Mara was the night nurse for St. Helier Hospital, a crumbling building scheduled for demolition. Only one wing was still active, but generators powered the rest so the contractors could work. She rarely had to go to Floor 7—no patients were kept there since the fire 12 years ago.
One night, the elevator doors opened unexpectedly on Floor 7. A cold draft rolled inside. Mara stepped out, calling, “Hello?” Her voice echoed too long, like the hallway was swallowing it. The old burn ward was still scorched, the walls blackened and warped. She turned to leave—but the elevator doors slammed shut behind her, refusing to open.
As she searched for the stairwell, she passed a partially melted room sign: ROOM 714. Inside, a single hospital bed sat upright, restraints hanging like broken spiderlegs. And someone was sitting in the bed.
“Mara,” the figure rasped.
She stumbled back, dropping her flashlight. No patients, she reminded herself. No one alive was assigned here. The figure leaned forward, its charred skin flaking like burnt paper. “You didn’t come for me,” it whispered. “You let me burn.”

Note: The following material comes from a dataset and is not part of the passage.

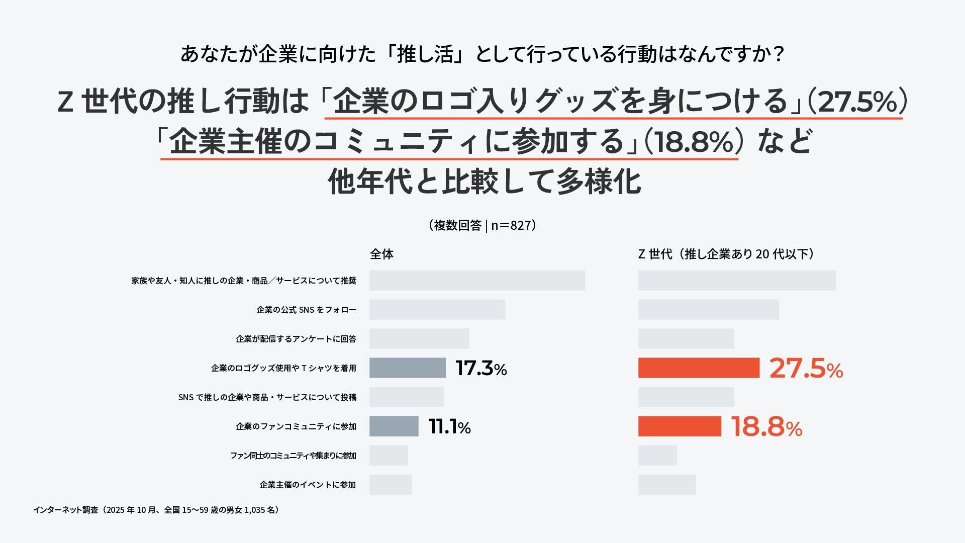推し活の内容としては「家族や友人・知人に推奨」「企業の公式SNSフォロー」が上位に挙がる結果に。一方で、Z世代の推し行動は「企業のロゴ入りグッズを身につける」(27.5%)「企業主催のコミュニティに参加する」(18.8%)など他年代と比較して多様化。

Mara’s memories slammed into her—her first year on the job, the fire alarms she’d ignored, assuming it was another drill. The screaming she heard but wasn’t brave enough to investigate. The casualty list she never looked at.
The burnt patient crawled out of the bed, dragging the melted restraints. “Now you stay,” it said.
When the contractors returned the next morning, they found the elevator stuck on Floor 7—with a brand-new name plate melted onto the door: MARA, RN. Floor 7 had its last patient again.